Atlas Shrugged Relevant for Modern Times

The following article originally was published September 14, 2009, in the Longmont Times-Call.

Atlas Shrugged relevant for modern times

by Ari Armstrong

“Who is John Galt?” Atlas Shrugged, Ayn Rand’s novel first published in 1957, is more relevant than ever. Modern political interventions from the bailouts to health controls mirror events of the book, and the novel reveals innovative moral themes behind the politics.

In response to heightened interest in Rand’s answers to today’s moral and political crises, a local group that promotes Rand’s philosophy, Front Range Objectivism, is sponsoring a twenty-week Atlas Shrugged reading group in Longmont starting October 1.

Sales of the novel have surged, surpassing 300,000 copies in the first half of this year, a 250 percent increase over the same period last year. The novel has been discussed recently by media ranging from the New York Times and National Public Radio to Rush Limbaugh.

John Allison, who turned BB&T bank into a stable and profitable powerhouse, has credited Rand’s ideas for some of his success and called Atlas Shrugged “the best defense of capitalism ever written.”

Meanwhile, respected philosophers such as Tara Smith forge bright new paths in moral theory and other fields based on Rand’s work.

What is it about Atlas Shrugged that draws continued interest?

While the novel features detailed treatment of complex moral and political ideas, including a challenging speech by the story’s hero, it is first a classic work of literature.

Rand draws rich, psychologically complex characters, including great champions of industry and the arts as well as despicable villains.
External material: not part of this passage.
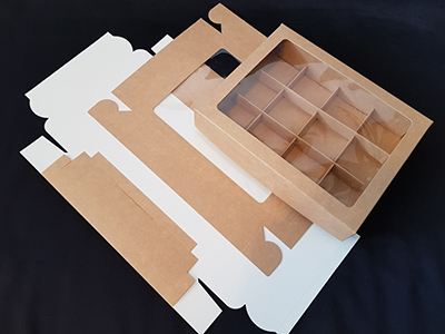 Коробка подойдёт для упаковки конфет, шоколада, безе, зефира, пирожных или другой выпечки высотой до 40 мм.

Which reader can forget the driven railroad executive, Dagny Taggart, or her passionate affair with steel titan Hank Rearden? Or Dagny’s manipulative brother James? Or the struggle of James’s virtuous wife Cheryl to understand her husband’s viciousness? Or the three students and their beloved professor who vow to “stop the motor of the world” until its producers can work on their own terms?

On one level, Atlas Shrugged is about politics. Interventions such as Troubled Asset Relief, General Motors, “cash for clunkers,” numerous offices of czars, and pending legislation on energy and health reflect the political controls of industry chronicled in the novel.

Rand eloquently makes the case that the proper purpose of government is to protect individual rights, including rights to control one’s resources and exchange goods and services with others voluntarily. Government should protect us against force and fraud and otherwise leave us free to pursue our business.

Yet Rand advocates much more than free markets. She explains why we need economic liberty to live successfully. We produce the things we need to advance our lives through reason, by understanding reality and then acting in the world to achieve our values. Houses, computers, foods, medical treatments, automobiles: all are produced by applying one’s knowledge to the task of living well.

Reason requires freedom. One must be free to look independently at reality and pursue knowledge, wherever it may lead. To the degree that some resort to force, they shut down reason and impede productive advancement. To live as beings of reason, we must achieve political and economic freedom and a world in which people interact through persuasion, not force.

Rand pushes ever deeper, exploring the foundations of value. Rand’s heroes are driven by a love of existence — a passion to understand the world around them and live successfully in it. It is ultimately this commitment to living that grounds all values, Rand’s heroes discover.

The villains of the novel, on the other hand, seek to block out and obscure their knowledge, cheat reality, and ultimately abdicate their responsibility to pursue their lives.

Several participants of a summer reading group commented that, though they’d read Atlas Shrugged before, reading and discussing it in greater detail almost turned it into a new novel. It is a long book with a complex plot and set of ideas. The heroes develop over many pages and story-months, so Rand’s meaning is not always obvious.

If you have never read Atlas Shrugged, now is the perfect time. If you have read it before, consider returning to the novel to mine its riches. It is a work capable of changing its reader — and the world.